Sicher ist nur, dass er - noch - nicht gehen will. Tillerson, Mattis und Finanzminister Steven Mnuchin sollen zur Absicherung gar einen politischen "Selbstmord-Pakt" geschlossen haben. Schmeißt Trump einen von ihnen raus, gehen auch die beiden anderen. Ein Verlust, den sich Trump kaum wird leisten können.

UN-Botschafterin Nikki Haley weiß sich durchzusetzen

Positiv formuliert könnte die Frage aber auch lauten: Hält Tillerson lange genug durch, um das Schlimmste zu verhindern? Denn wer weiß, wen sich Trump als dessen Nachfolger ausdenkt?
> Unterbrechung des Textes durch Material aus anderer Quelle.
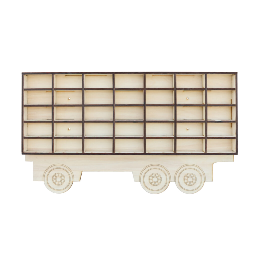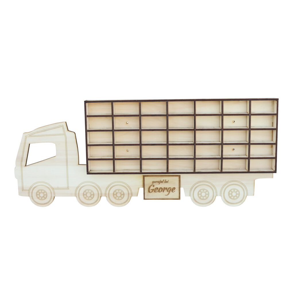 Realizat integral din placaj de plop 8mm, camionul „transporta” 35 masinute.

Im Rennen etwa wäre seine UN-Botschafterin Nikki Haley. Die Frau weiß sich durchzusetzen. Sie würde beispielsweise lieber heute als morgen aus dem Atom-Abkommen mit Iran aussteigen. Ist Tillerson weg, hat sie freie Fahrt, die USA auf jenen isolationistischen Kurs zu führen, von dem Tillerson und andere Trump so gerade noch abhalten können.

Jetzt kommt Bob Corker wieder ins Spiel. Der lobt Tillerson in den Himmel und hat damit indirekt deutlich gemacht, dass er lieber einen unfähigen aber internationalistischen Tillerson in dem Amt sieht als eine isolationistische Nikki Haley. Tillerson scheint in seinen Augen unfähig und ein Glücksfall zugleich zu sein.

Als Chef des Auswärtigen Ausschusses reicht Corkers Macht weit genug, um eine Neubesetzung des Postens ewig in die Länge zu ziehen, wenn nicht gar unmöglich zu machen. In diesem Patt bewegt sich gerade niemand. Weswegen Tillerson länger im Amt bleiben könnte, als Trump und Tillerson selbst womöglich lieb ist.

Daniel W. Drezner, Professor für Internationale Politik an der Tufts University bei Boston, treibt das in den Fatalismus. In der Washington Post schreibt er: "Da stehen wir nun. Ich glaube, es wäre eine exzellente Idee, wenn Rex Tillerson zurücktreten würde. So dürfte auch Trump das sehen. Selbst Tillerson dürfte erkennen, dass die Idee ihre Vorzüge hat. Aber wahrscheinlich geht er nirgendwo hin. Amerikas Diplomatie wird weiter leiden."